Work to complete
Set down every line from the one with "Globo con forma" to the end of the entries, both ends included, exactly as it reads and without pictures.
-=-=-
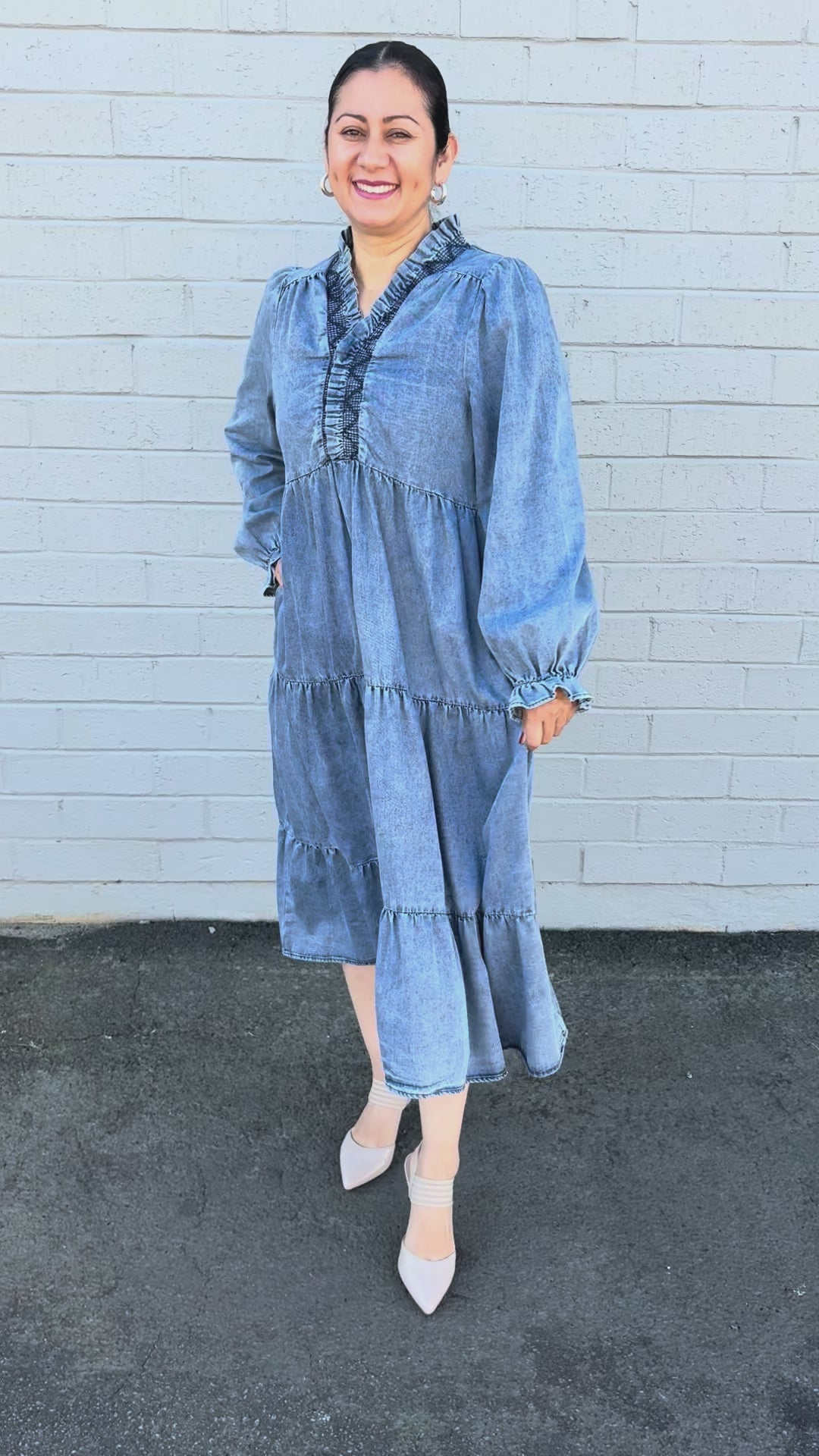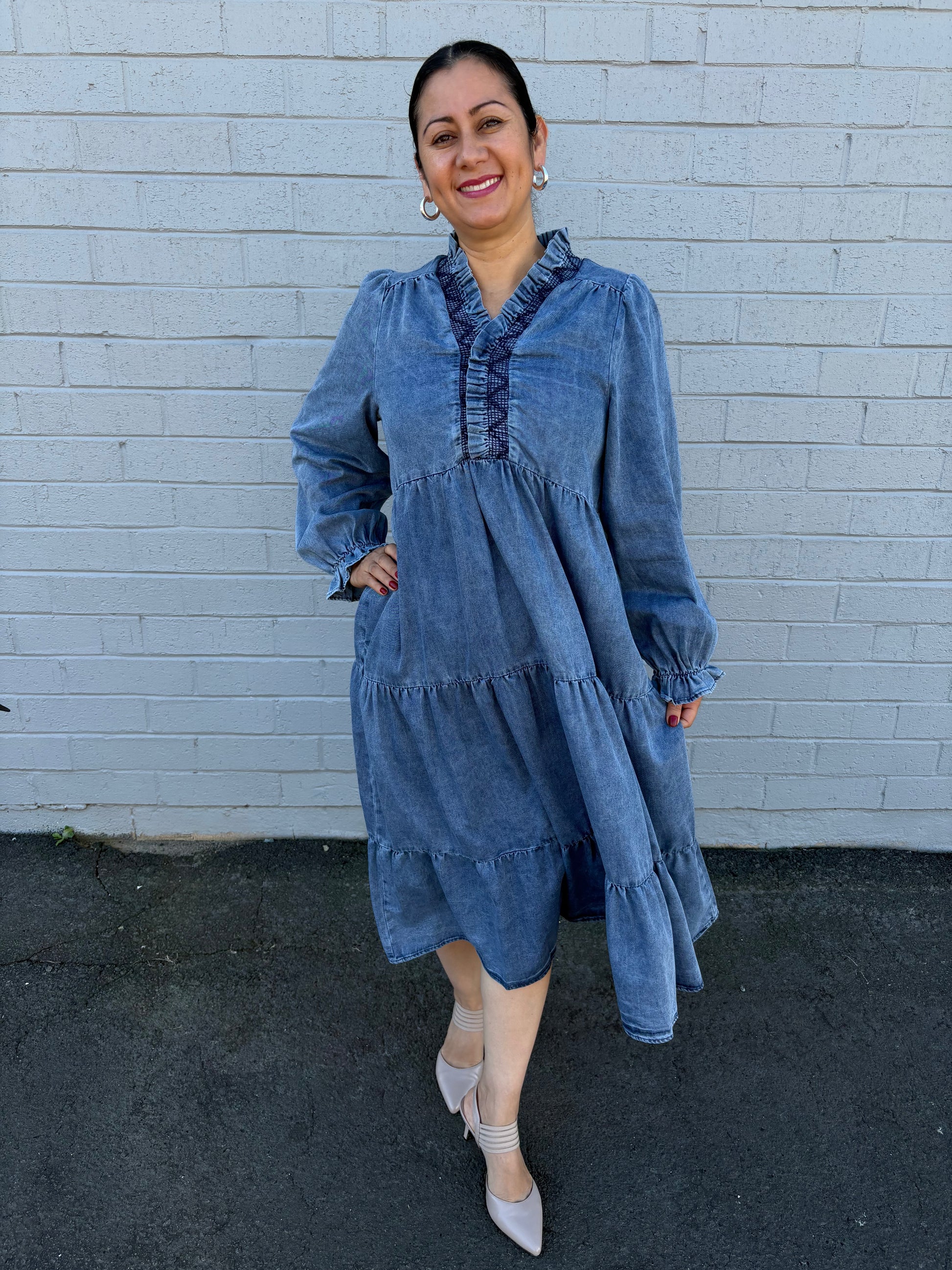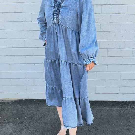 The Gwen Dress combines vintage charm with modern comfort through its washed denim fabric and smocked neckline. Its tiered design adds a flowing silhouette that moves gracefully with you, making it ideal for casual outings or weekend getaways. This dress offers effortless style and comfort, perfect for those who want to look polished without sacrificing ease.
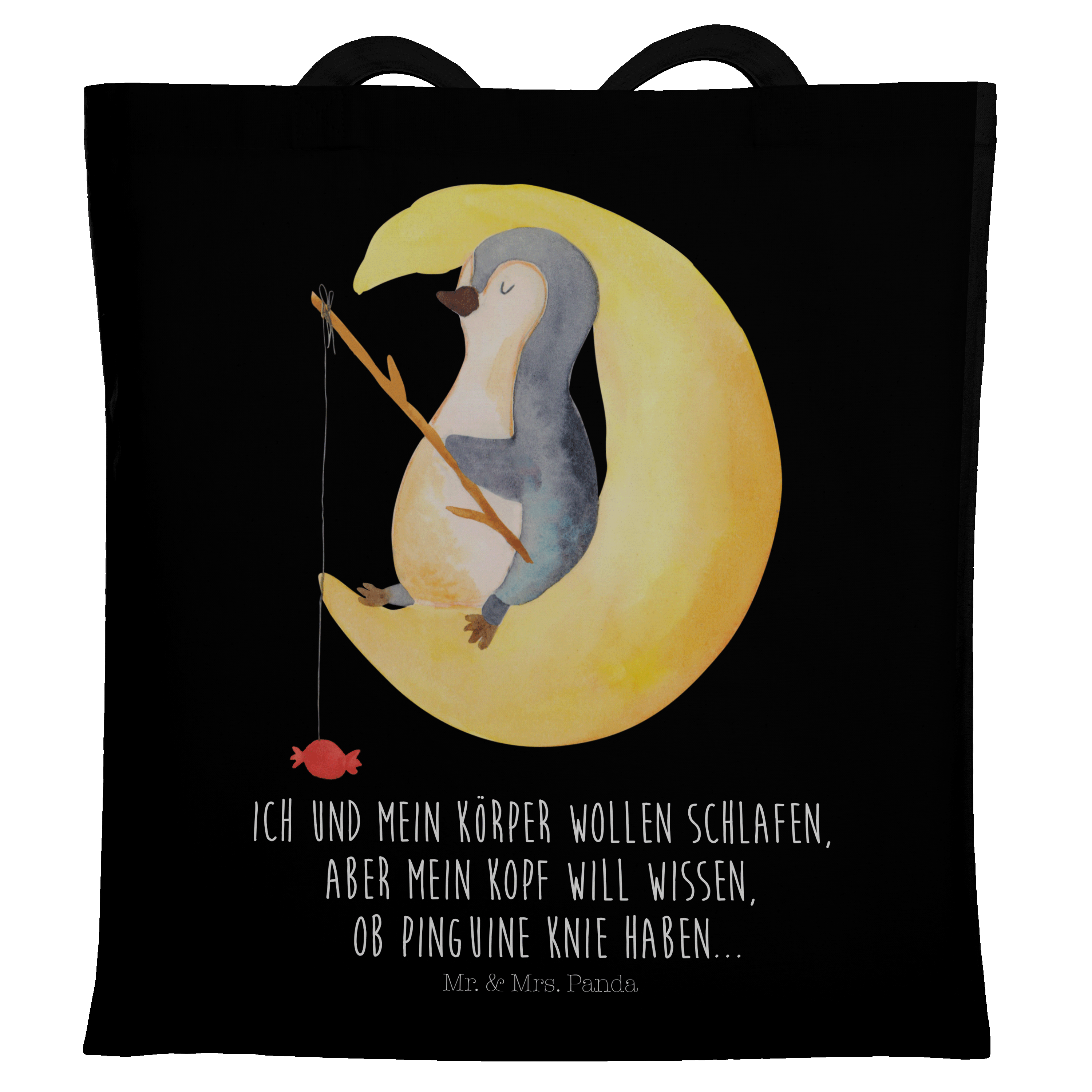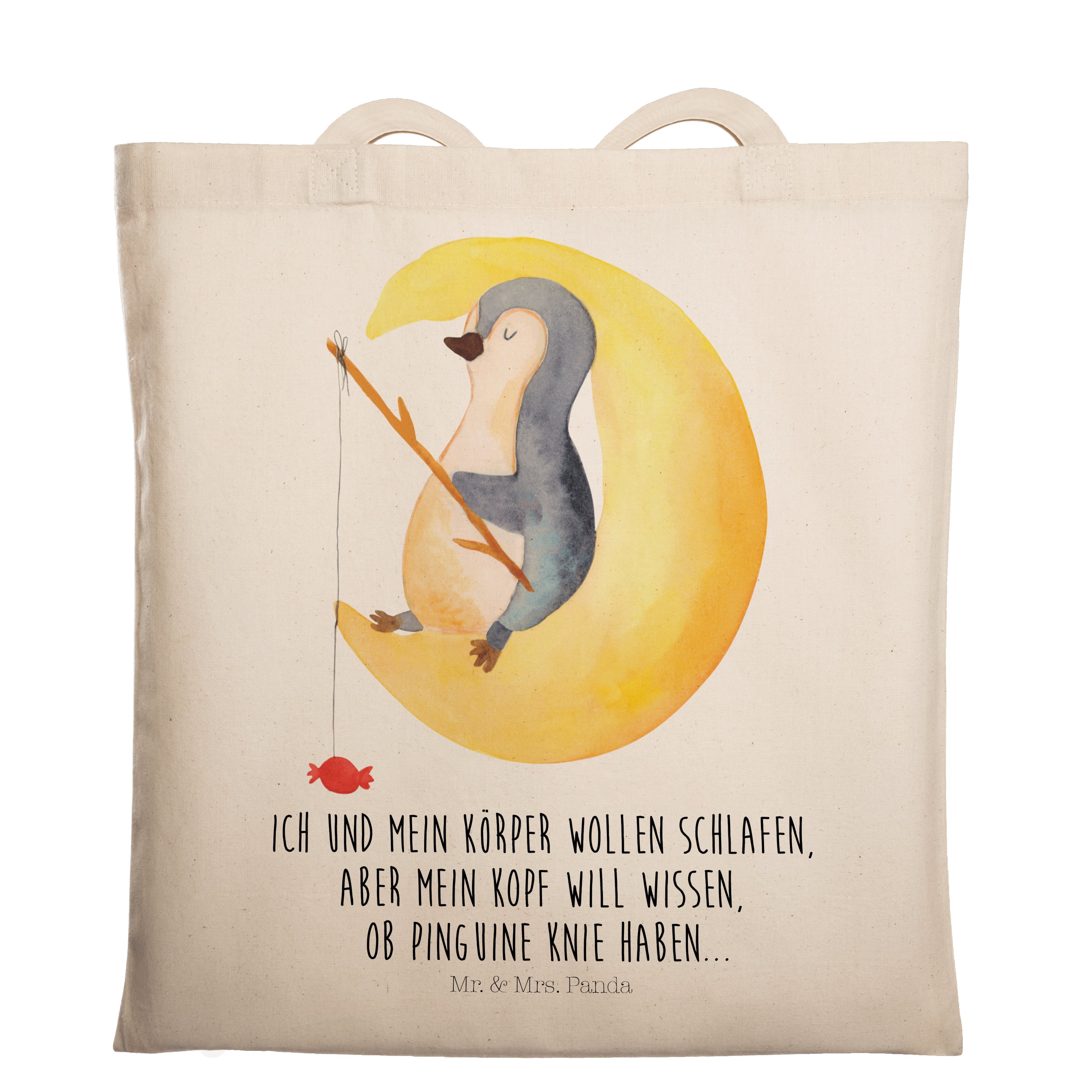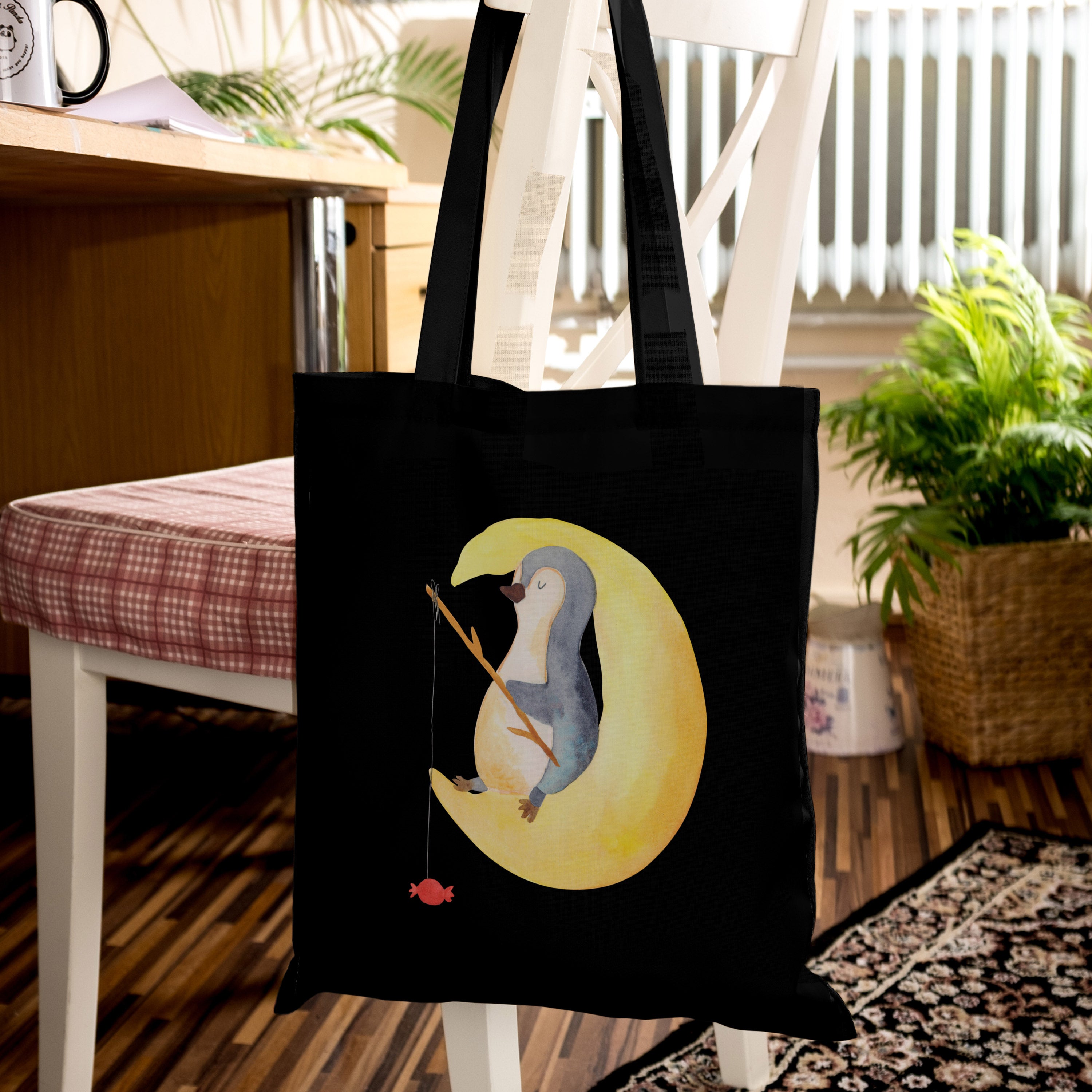 Tragetasche Pinguin Mond - mit Spruch - Eisblau
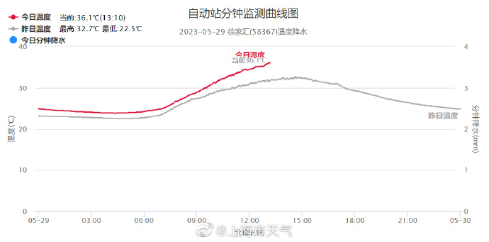 5月29日,澎湃新闻记者从上海市气象台获悉,13时09分,徐家汇站气温36.1℃,打破了百年来的上海五月气温最高纪录,之前最高纪录是35.7℃,分别出现在1876年、1903年、1915年和2018年。
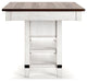 A high-style choice for dining spaces, this counter height dining table serves up the best in rustic farmhouse living. Its two-tone finish pairs a brown tabletop with a distressed vintage white base for a double helping of charm. The table features four storage drawers (two on each side), a seven-bottle wine rack and two open shelves for display. The sturdy post and bracket base design, with black metal accents and a thick dining top, lends an earthy appeal.
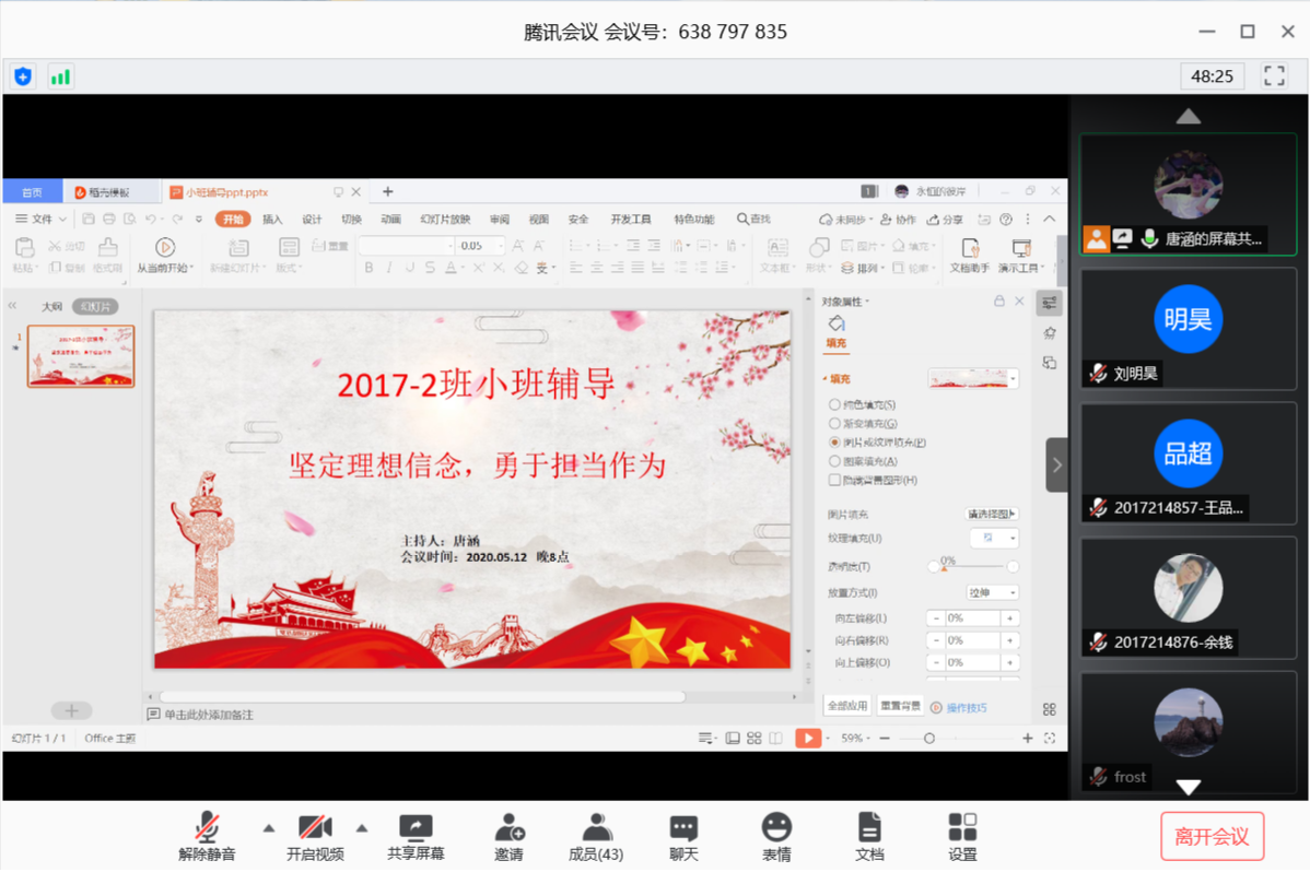 5月12日晚上,软件17-2班使用腾讯会议软件召开了线上小班辅导,主题是“坚定理想信念,勇于担当作为”。本次小班辅导由唐涵同学主持,袁杨华老师和软件17-2班的全体同学参加了小班辅导。
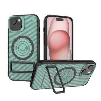 For iPhone 15 Carbon Fiber Texture PC + TPU Phone Case with Metal Holder(Green)
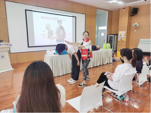 对于幼儿教师来说,异物堵塞可能是幼儿最常见最危险的意外事故了。针对行业特点,红十字的老师专门带我们学习了海姆立克急救法,教会我们如何观察和发现幼儿异物卡喉;当幼儿发生异物卡喉时,如何正确及时的进行应急处置,以免发生更大伤害。
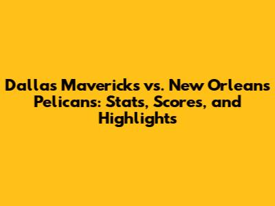 Mavericks Vs. Pelicans: Stats, Scores, And Highlights
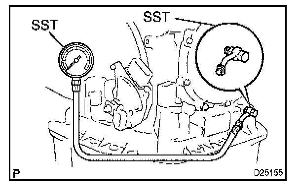 2. Remove the test plug on the left side of the transaxle case and connect SST.
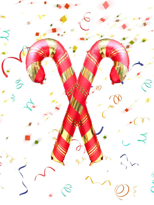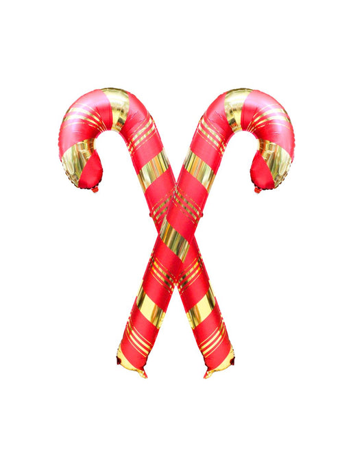 Globo con forma de baston de caramelo Características: Color rojo con acabdo mate Detalles con acabcado doraro metálico Medida aproximada: 50" Med...
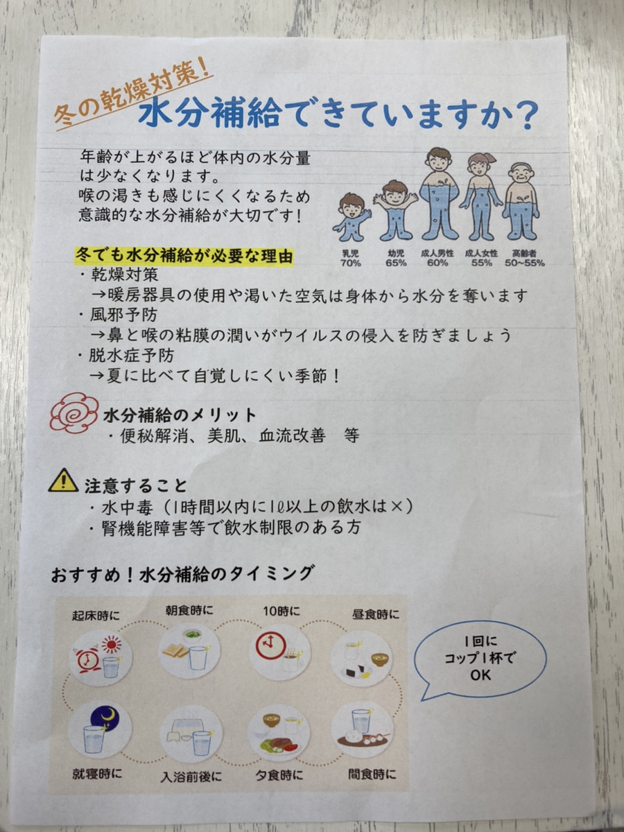 概要:冬は夏と比較して飲水量が低下します。また、マスクを着けていることで喉の渇きを実感しずらい状況です。そこで今回は水分補給の大切さやおすすめの補給タイミングをまとめたポップを作成し、配布。同時に水分補給を意識していただけるようにお声がけを行いました。
-=-=-
Written response
 Globo con forma de baston de caramelo Características: Color rojo con acabdo mate Detalles con acabcado doraro metálico Medida aproximada: 50" Med...
 概要:冬は夏と比較して飲水量が低下します。また、マスクを着けていることで喉の渇きを実感しずらい状況です。そこで今回は水分補給の大切さやおすすめの補給タイミングをまとめたポップを作成し、配布。同時に水分補給を意識していただけるようにお声がけを行いました。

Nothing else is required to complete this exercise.